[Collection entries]
---

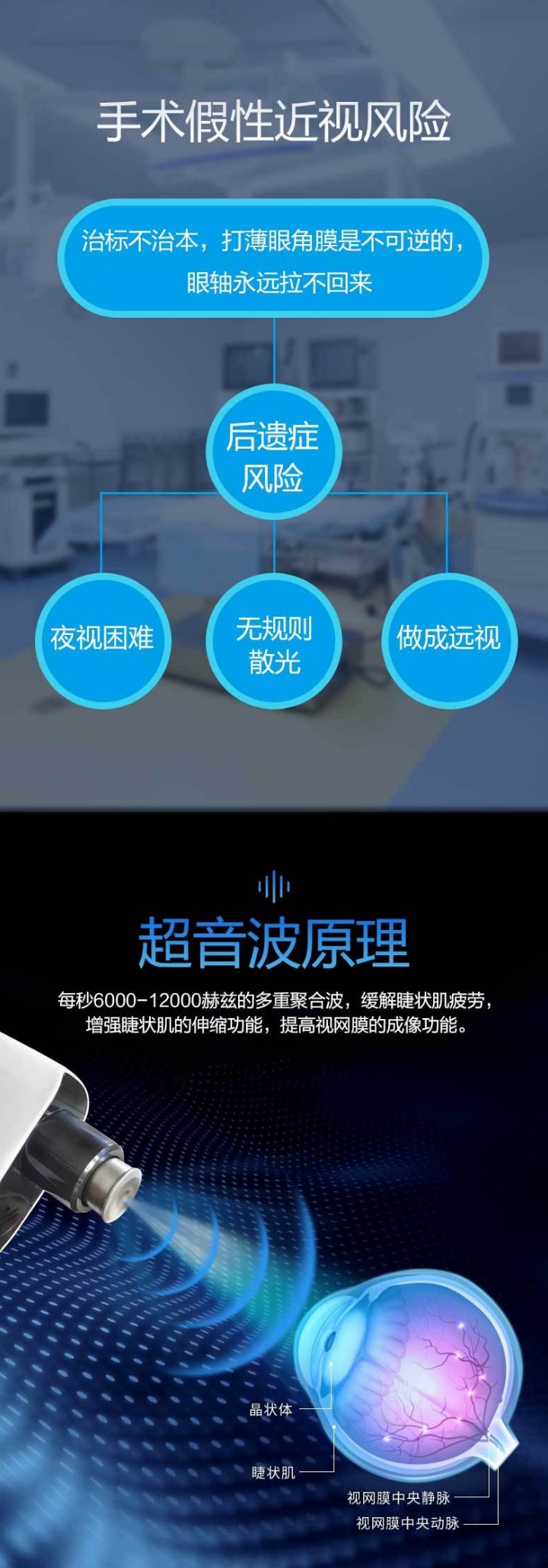 超音波护眼仪每秒可以释放6000-12000赫兹的多重超音波,超音波的机械性可以软化组织,增强细胞的渗透,提高机体代谢,促进循环,刺激神经系统和细胞功能。它的使用让我们对视觉疲劳的干预更加的便利。这种每秒约2万4千次震动的波频可以舒缓睫状肌紧张状态,从而促进血液循环,使细胞活性化,改善晶状体的焦点调节机能,从而达到改善视力的效果。
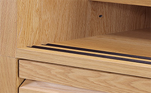 棚受ダボには、丈夫な8mmダボを使用し、棚板の移動も可能です。
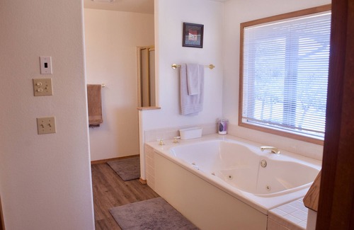 Our house is located on 2 acres in a golf course community on a plateau 1,000 feet above Ridgway, Colorado. The house has 3 full bedrooms and 3 full bathrooms. The upstairs consists of the kitchen, family room, dining area, master bedroom and master bath. The downstairs has 2 bedrooms with 2 beds each and 2 full bathrooms.
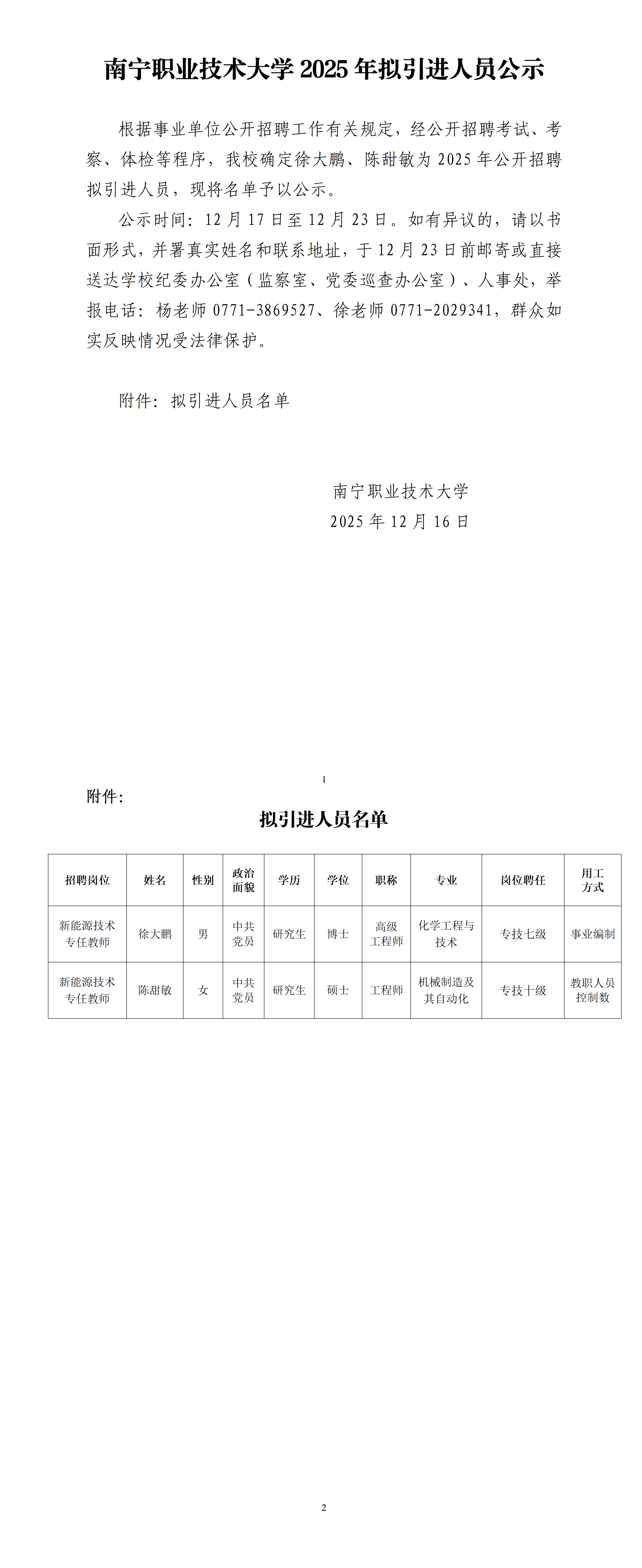 南宁市2025年下半年公开考试招聘事业单位工作人员南宁职业技术大学招聘考察人选公告
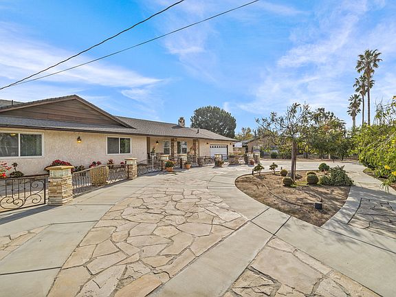 Discover your dream home in Norco! This custom-built gem, spanning 1,884 sq. ft., offers a blend of comfort and style. It features three roomy bedrooms and two bathrooms. The charm begins right at the electric-gated entry, leading to a fenced front yard with an impressive circular driveway and a 2-car garage. The front yard's extensive stonework, complemented by strategic lighting, sets a welcoming tone.

---

Write out the data exactly, but not its pictures.

Exercise answer =
 超音波护眼仪每秒可以释放6000-12000赫兹的多重超音波,超音波的机械性可以软化组织,增强细胞的渗透,提高机体代谢,促进循环,刺激神经系统和细胞功能。它的使用让我们对视觉疲劳的干预更加的便利。这种每秒约2万4千次震动的波频可以舒缓睫状肌紧张状态,从而促进血液循环,使细胞活性化,改善晶状体的焦点调节机能,从而达到改善视力的效果。
 棚受ダボには、丈夫な8mmダボを使用し、棚板の移動も可能です。
 Our house is located on 2 acres in a golf course community on a plateau 1,000 feet above Ridgway, Colorado. The house has 3 full bedrooms and 3 full bathrooms. The upstairs consists of the kitchen, family room, dining area, master bedroom and master bath. The downstairs has 2 bedrooms with 2 beds each and 2 full bathrooms.
 南宁市2025年下半年公开考试招聘事业单位工作人员南宁职业技术大学招聘考察人选公告
 Discover your dream home in Norco! This custom-built gem, spanning 1,884 sq. ft., offers a blend of comfort and style. It features three roomy bedrooms and two bathrooms. The charm begins right at the electric-gated entry, leading to a fenced front yard with an impressive circular driveway and a 2-car garage. The front yard's extensive stonework, complemented by strategic lighting, sets a welcoming tone.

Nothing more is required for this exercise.